After his capture at Unsan, Kapaun kept rescuing soldiers on the march to prison, persuading able-bodied soldiers to help carry wounded comrades. In prison, he defied brainwashing attempts by the camp guards, picked lice off the sick, washed the clothes of wounded soldiers and with others stole bags of food while other POWs deliberately started fights to distract guards.
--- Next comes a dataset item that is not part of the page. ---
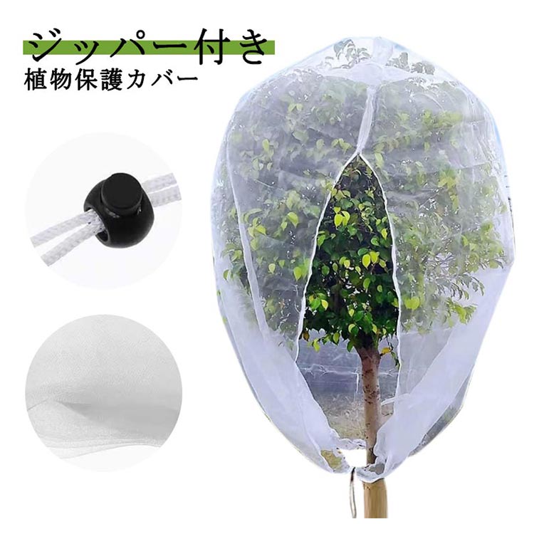 | メッシュ式に作成されており、通気性や耐久性に優れています。耐熱、耐寒、低熱吸収性があって、低直射日光強度という優れた特性を備えて、繰り返し使うことができてます。 PE素材で作らて、環境に優しい、通気性に優れた、耐久性があります、繰り返し使うことができます。長期間使用しても損傷しない。 果樹栽培には必須!鳥、ウサギ、その他の虫による噛み付きから植物を保護します。恐ろしい天気から大切な花木を守ります。 透気生地は植物が窒息しているか、あるいは光合成を妨げることはありません。 花、野菜、観葉植物や鉢植えなどの植物に覆い。 ファスナー付きタイプなので、樹木に被せてファスナーを締めるだけの簡単取付け。 広い開口部により、花や木に直接覆って、プラントの高さや大きさに合わせて自由に保護カバーを調整することができます。 | |

Kapaun has been declared a Servant of God by the Roman Catholic Church, and the Vatican is investigating his case for sainthood. The Rev. John Hotze is investigating Kapaun’s canonization case. Hotze has interviewed 55 people and reviewed many documents, compiling 8,000 pages of information he sent to the Vatican. He is investigating two miracles people say occurred after they prayed to Kapaun. To qualify for sainthood, Hotze said, a candidate needs to have lived a life of heroic virtue and sanctity.

“My personal impression of him is, there’s no way he cannot be a saint, in what he has done,” Hotze said.

To illustrate, Hotze pointed to Kapaun’s outlook as a prisoner of war: “You and me, our first thought would be: How am I going to survive? He would look at every day as: What am I going to do to help someone else survive?”

Material from Tribune Washington Bureau is included in this report.